This first method included the use of a pipelined function (pipelined function use will be covered in another blog) which turned an Sdo_Point object into an Sdo_Ordinate_Array object which could then be BULK COLLECTED in the highlighted SQL:
CREATE OR REPLACE FUNCTION asOrdinates( p_point_geom IN MDSYS.SDO_GEOMETRY) RETURN MDSYS.SDO_ORDINATE_ARRAY PIPELINED IS BEGIN PIPE ROW (p_point_geom.sdo_point.x); PIPE ROW (p_point_geom.sdo_point.y); PIPE ROW (p_point_geom.sdo_point.z); RETURN; END; / SHOW ERRORS DECLARE TYPE t_recs IS TABLE OF singlebeam_mpoint%ROWTYPE INDEX BY PLS_INTEGER; v_mpoint_recs t_recs; v_3D_ordinates mdsys.sdo_ordinate_array; v_mpoint_rec singlebeam_mpoint%ROWTYPE; v_rec_count PLS_INTEGER := 0; v_commit PLS_INTEGER := 50; CURSOR c_eno_list Is SELECT sbl.SB_ENO, COUNT(*) AS POINTCOUNT FROM singlebeam_bathymetry sbl GROUP BY sbl.SB_ENO; BEGIN FOR rec IN c_eno_list LOOP SELECT b.* BULK COLLECT INTO v_3D_ordinates FROM singlebeam_bathymetry a, TABLE(asOrdinates(a.geom)) b WHERE a.sb_eno = rec.sb_eno ORDER BY a.pointno; v_mpoint_rec.sb_eno := rec.sb_eno; v_mpoint_rec.pointcount := rec.pointcount; v_mpoint_rec.geom_mpoint := MDSYS.SDO_GEOMETRY(3005,8311,NULL, MDSYS.SDO_ELEM_INFO_ARRAY( 1,1,v_mpoint_rec.pointcount ), v_3D_ordinates); v_rec_count := v_rec_count + 1; v_mpoint_recs(v_rec_count) := v_mpoint_rec; IF ( v_rec_count > v_commit ) THEN FORALL i IN 1..v_rec_count INSERT INTO singlebeam_mpoint VALUES v_mpoint_recs(i); COMMIT; v_rec_count := 0; END IF; END LOOP; IF ( v_rec_count > 0 ) THEN -- Write out any left over ... FORALL i IN 1..v_rec_count INSERT INTO singlebeam_mpoint VALUES v_mpoint_recs(i); COMMIT; v_rec_count := 0; END IF; END; / SHOW ERRORS
The BULK COLLECT aggregates the individual Sdo_Ordinate_Arrays returned by the function into a single array for the survey. What I discovered was this approach was substantially faster than the previous two methods.

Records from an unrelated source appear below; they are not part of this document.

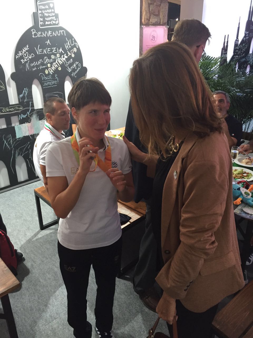 “Assistir às competições de natação de ontem foi uma grande experiência. Ver de perto a capacidade desses atletas em superar os seus próprios limites é impressionante. Mas, ainda mais emocionante foi poder conhecer alguns destes atletas medalhistas”, comentou a deputada que ontem foi para o Rio de Janeiro para os Jogos e para acompanhar o Subsecretário da Presidência do Conselho italiano, Luca Lotti, em sua missão. Em um evento realizado a noite na Casa Itália, a casa que hospeda os atletas italianos durante a competição, “tive a oportunidade de falar com eles, sentir força e energia deles” contou a deputada. Ainda, estavam presentes o subsecretário e, naturalmente, o Cônsul da Itália. whatsapp-image-2016-09-11-at-13-56-40 whatsapp-image-2016-09-11-at-13-56-44 whatsapp-image-2016-09-11-at-13-56-38 whatsapp-image-2016-09-11-at-13-56-37 whatsapp-image-2016-09-11-at-01-46-16 whatsapp-image-2016-09-11-at-01-46-12 whatsapp-image-2016-09-11-at-01-46-07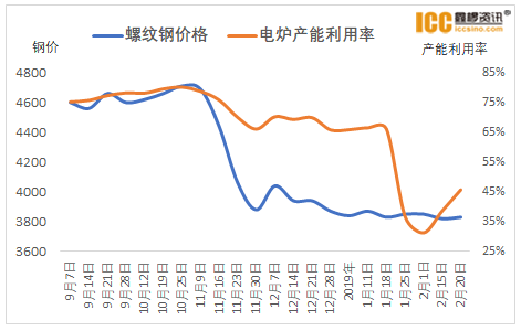 本周国内独立电炉钢厂复产数量继续缓慢回升,除了华东、西南地区较为集中外,河北、河南区域一些厂家也开始调试开炉。另外,由于近期建筑钢材市场表现平平,钢厂和社会库存明显升高,原计划于2月底复产的独立电炉钢厂继续保持观望态度,部分钢厂表示至少要到3月上旬才恢复生产。据鑫椤资讯统计,截止2019年2月22日,全国135家钢厂电炉钢产能利用率为45.8%,较上周增长7.04%。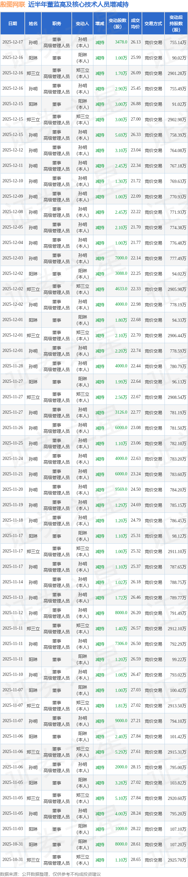 殷图网联近半年内的董监高及核心技术人员增减持详情如下: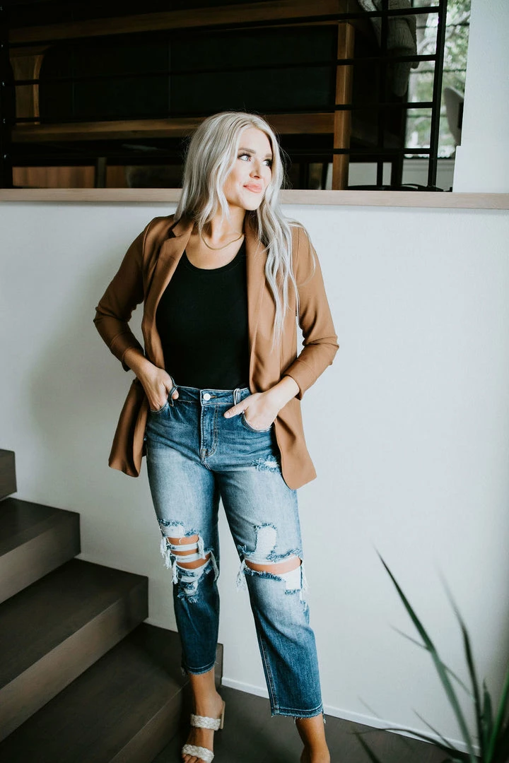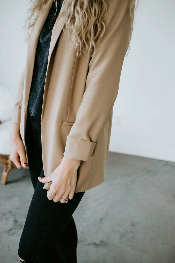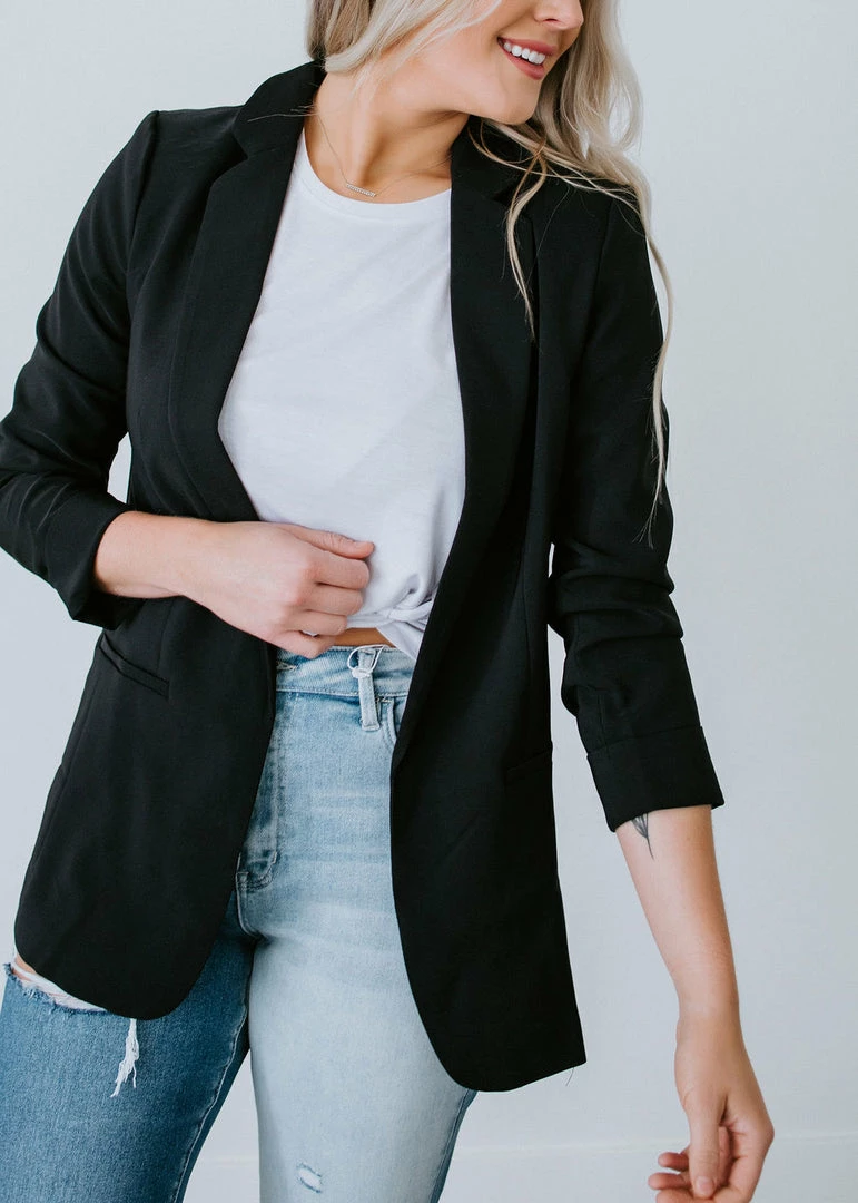 She’s all business! Be ready to slay the day when you layer on this sophisticated blazer. Woven fabric shapes a collared neckline, notched lapels, and long sleeves with a folded cuff detail. The sleek open-front silhouette is finished with padded shoulders and two welt pockets. Lined. Kaylor and Shelby are wearing a medium. Leslie is wearing a small.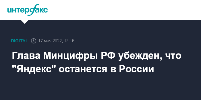 Москва. 17 мая. INTERFAX.RU - Российская компания "Яндекс" останется в России, заявил глава Минцифры РФ Максут Шадаев.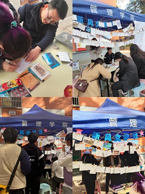 为进一步促进同学之间的互相交流,给同学们提供一个独特的交流平台,增强同学之间的联系,提高同学们的归属感,管理学院听风文学社于11月24日、25日在三牌楼校区开展“小雪心语”明信片漂流活动。本次明信片漂流主题是:小雪心语。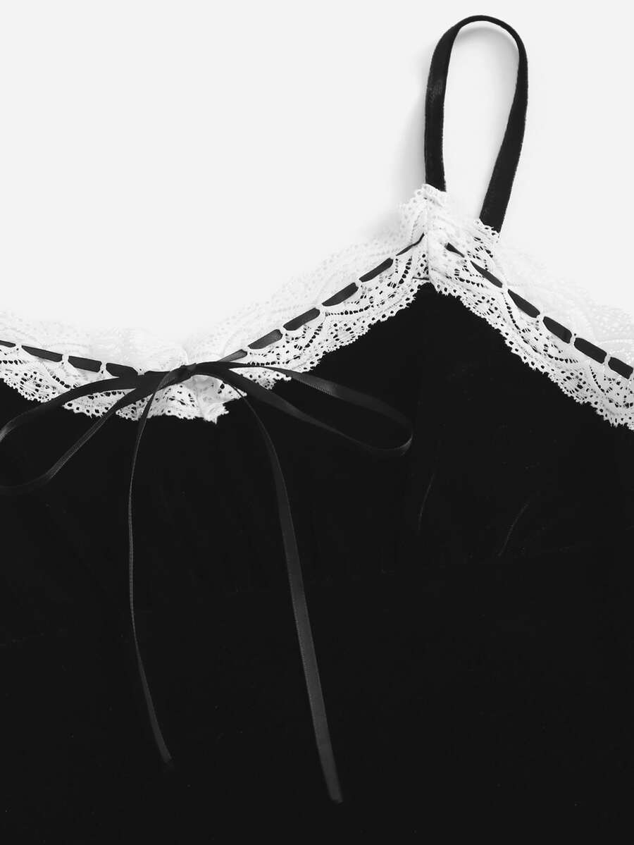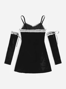 Contrast Lace Velvet Dress With A Pair Oversleeve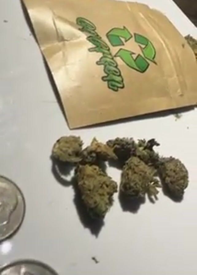 small, partially opened, brown paper bag with a green recycling symbol and the word "EcoPops" printed on it. Next to the bag are several small, irregularly-shaped green and brown buds, presumably cannabis. A US dime and a Canadian quarter are also visible on the white surface. The background is a blurry wood grain surface.

After getting this to work, I then realised I didn”t need the Function as is described in the next method.
Method Four: PL/SQL SDO_Ordinate_Array aggregation
The next improvement to the algorithm was to get rid of the custom “asOrdinates” function in favour of using the Oracle Spatial type library directly.
... BEGIN ... SELECT ords.* BULK COLLECT INTO v_3D_ordinates FROM singlebeam_bathymetry a, TABLE(mdsys.sdo_ordinate_array(a.geom.sdo_point.x, a.geom.sdo_point.y, a.geom.sdo_point.z) ) ords WHERE a.sb_eno = rec.sb_eno ORDER BY a.pointno; ... END; / SHOW ERRORS
All the heavy lifting in this approach is done by directly referencing the individual ordinates coded in the geometry”s 3D Sdo_Point object and converting them into an Sdo_Ordinate_Array which can then be BULK COLLECTED into a resultant Sdo_Ordinate_Array.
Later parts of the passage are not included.